═════ Available data
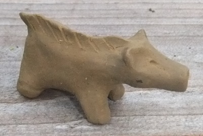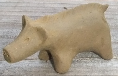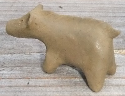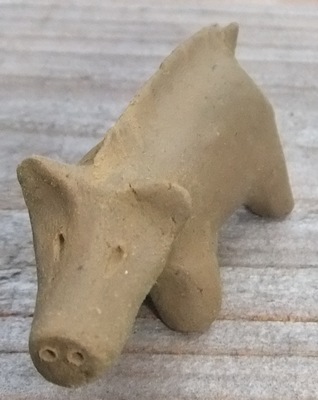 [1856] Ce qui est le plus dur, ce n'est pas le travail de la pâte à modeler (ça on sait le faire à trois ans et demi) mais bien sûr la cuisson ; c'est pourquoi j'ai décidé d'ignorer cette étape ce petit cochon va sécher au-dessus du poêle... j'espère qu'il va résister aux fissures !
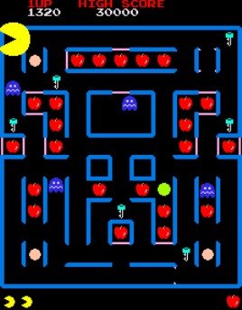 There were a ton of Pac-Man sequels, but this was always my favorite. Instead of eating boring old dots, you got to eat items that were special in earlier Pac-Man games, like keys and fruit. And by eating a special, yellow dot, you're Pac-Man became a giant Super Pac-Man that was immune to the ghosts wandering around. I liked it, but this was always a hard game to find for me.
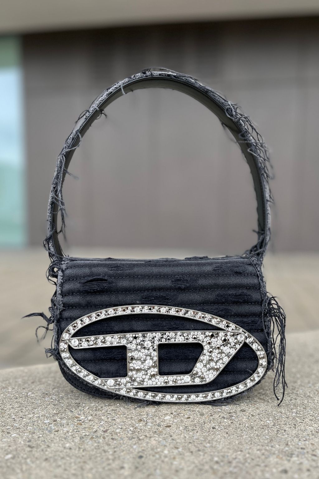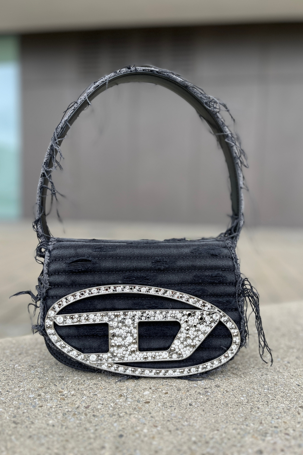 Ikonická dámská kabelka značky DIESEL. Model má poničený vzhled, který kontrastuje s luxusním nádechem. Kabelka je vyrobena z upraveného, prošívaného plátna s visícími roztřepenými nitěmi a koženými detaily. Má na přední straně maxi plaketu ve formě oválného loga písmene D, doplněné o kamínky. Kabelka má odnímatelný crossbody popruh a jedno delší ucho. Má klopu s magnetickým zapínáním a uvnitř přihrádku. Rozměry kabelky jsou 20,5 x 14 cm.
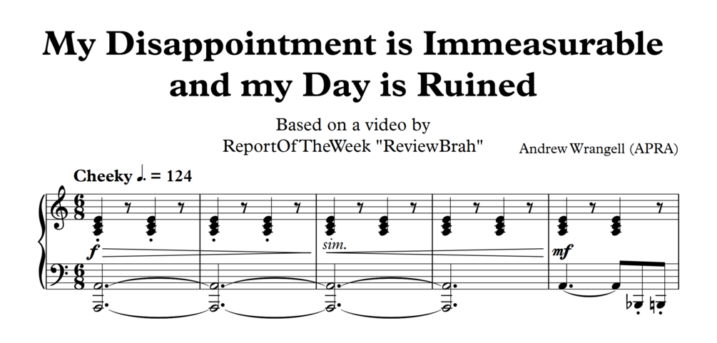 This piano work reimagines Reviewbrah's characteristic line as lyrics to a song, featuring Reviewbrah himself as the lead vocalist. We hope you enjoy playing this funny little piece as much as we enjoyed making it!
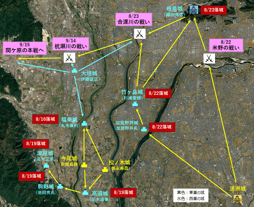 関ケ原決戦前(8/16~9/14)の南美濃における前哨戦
══════════
# What is being asked:
Nothing but the lines from the line with "This piano work" through the last line of the data above should be printed, exactly as written and without pictures.

# Answer area:
 This piano work reimagines Reviewbrah's characteristic line as lyrics to a song, featuring Reviewbrah himself as the lead vocalist. We hope you enjoy playing this funny little piece as much as we enjoyed making it!
 関ケ原決戦前(8/16~9/14)の南美濃における前哨戦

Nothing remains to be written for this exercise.